In addition to rethinking orchestration and data quality, the team is also evaluating their broader tooling strategy. As part of the redesign, they made decisions about how to use Azure Data Factory, which isn’t designed to support transformations at the scale and complexity they require. “We use ADF mainly for data ingress and egress—API ingestion and SFTP transfers where Snowflake external stages don’t work,” says Nogle. “We don’t use ADF for transformation, as our entire transformation layer is native to Snowflake.
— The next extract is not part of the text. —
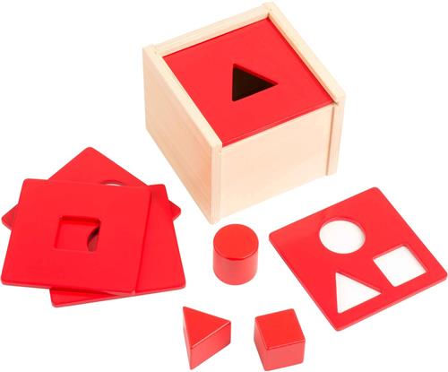 Daag kinderen uit om te experimenteren met wiskundige vormen en relaties met 'Plaats de vorm'. Iedere vorm past door een bijpassende opening. Dit stimuleert de oog-handcoördinatie en de fijne motoriek. Daarnaast werk je aan doorzettingsvermogen en concentratie. Het spel bevat verschillende deksels die oplopen in moeilijkheidsgraad. Inhoud: kist, 4 verschillende deksels, 3 vormen. Gemaakt van hout en geschikt voor kinderen vanaf 14 maanden.

Once our Data Vault rebuild is complete, we plan to centralize any remaining niche transformations in Coalesce.”

“Coalesce has completely rewired our brains as engineers in terms of how we think about coding, process, and compute.” —Paul Nogle, Lead Data Engineer, Redwood Logistics

Supercharging the supply chain

Results

Tasks that previously took four days, such as propagating changes to production, now take as little as 15–20 minutes
Cut data refresh time from 30 minutes to under 2 minutes by rewriting Coalesce node types to better fit new Data Vault approach
83% reduction in time to build a new financial workflow model

Within just a few months of becoming a customer, the team is already seeing Coalesce’s significant positive impact on their work. “Our original goal was to be able to handle more work items each sprint,” says Nogle. “Today, we’re no longer spending so much time writing boilerplate code—our developers are just clicking a button or making a simple change to a table definition. That was one of the things that really appealed to us about Coalesce.” Another is the ease with which they can now easily track data lineage. “We can give our users more visibility and trust into how we’re moving data from point A to point B,” he says.
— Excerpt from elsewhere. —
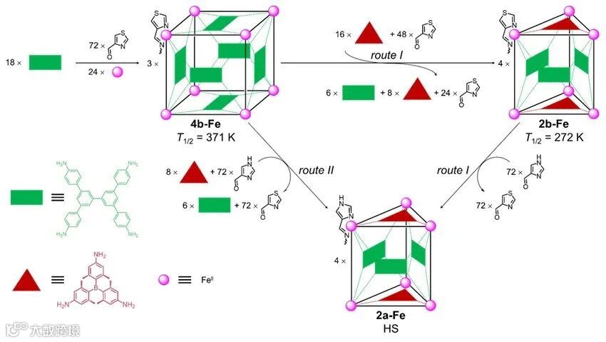 方案4. 4b-Fe、2b-Fe与2a-Fe之间的笼-笼转变及自旋态切换。图片来源:J. Am. Chem. Soc.

Those seemingly small requests that used to take up to four days to accomplish—such as propagating a change and deploying it through to production—now take just 15 to 20 minutes to complete. “With Coalesce, we can just click a button and get it all done,” says Nogle.

On top of providing improved visibility into data lineage, Nogle is excited that Coalesce will help them tackle another big item that has been on their to-do list for a while now: developing a data dictionary. “It’s something we’ve always wanted to do but weren’t previously able to deliver,” he says. “Everybody wants to document as you go, but documentation can often fall by the wayside. There’s always that trade-off: do you want the actual product or documentation about the product? What’s great about Coalesce is that automated documentation is built into the process—no need to do it manually. That’s incredibly useful, and I know our end users are going to appreciate it.”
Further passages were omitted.